To that end, as well as the United States putting itself plainly on the record as to its legal rationales in the international community for targeted killing, the Obama administration needs to carry itself both beyond the narrow, inadequate, and not actually accurate legal position pressed by the WSJ editorial – and back to its customary law roots to the position that the US actually intends when it engages in targeted killing through Predators or other means, which is to say, self-defense.
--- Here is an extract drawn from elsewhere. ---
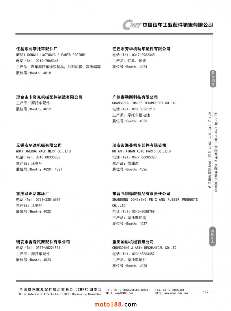 內(nèi)117 第76屆(2018秋)全國摩托車及配件展示交易會-廣州站參展企業(yè)信息

The easiest way for the United States to make clear that this is its position as to what international law actually is, and that it is not an innovation on the US part nor a novelty, would be for it to return to Abraham Sofaer’s 1989 address on self-defense, a quite comprehensive speech on this topic regarding non-state actor terrorists, sovereignty and territory, the assassination ban, and other important topics in this area. The WSJ editorial board needs to go back and re-read this speech, and press for it to be reaffirmed as US legal policy, and get away from its mistaken view that the way to approach targeted killing is as yet another way of reaffirming that this is a global war. Self-defense gives the discretionary ability to attack anywhere in the world where a target is located, without having to make claims about a state of armed conflict everywhere and always across the world.
And the Obama administration, for its part, needs to reach beyond its indubitable state practice of targeted killing, and offer some opinio juris on the subject – i.e., its public and declared view of what international law on this topic is, as far as the US is concerned. It should offer an affirmative rationale based in the law as the US has always understood it, and never disavowed – but not exactly reaffirmed in the last twenty years, either. Let’s reduce the legal uncertainty and draw some firm lines. A joint letter, signed by (oh, I don’t know, let’s dream) the general counsels or equivalents of DOS, DOD, DOJ, NSC, CIA, DNI, DHS, White House counsel, and perhaps a couple of others, reaffirming in toto the Sofaer address, and adding that any move by foreign states, courts, prosecutors, or international tribunals to go after American personnel, whether uniformed, civilian, or civilian contractors working to US government specifications, would be regarded as a distinctly unfriendly act.
(I’ll probably go back and fix some things later, but don’t have time now.)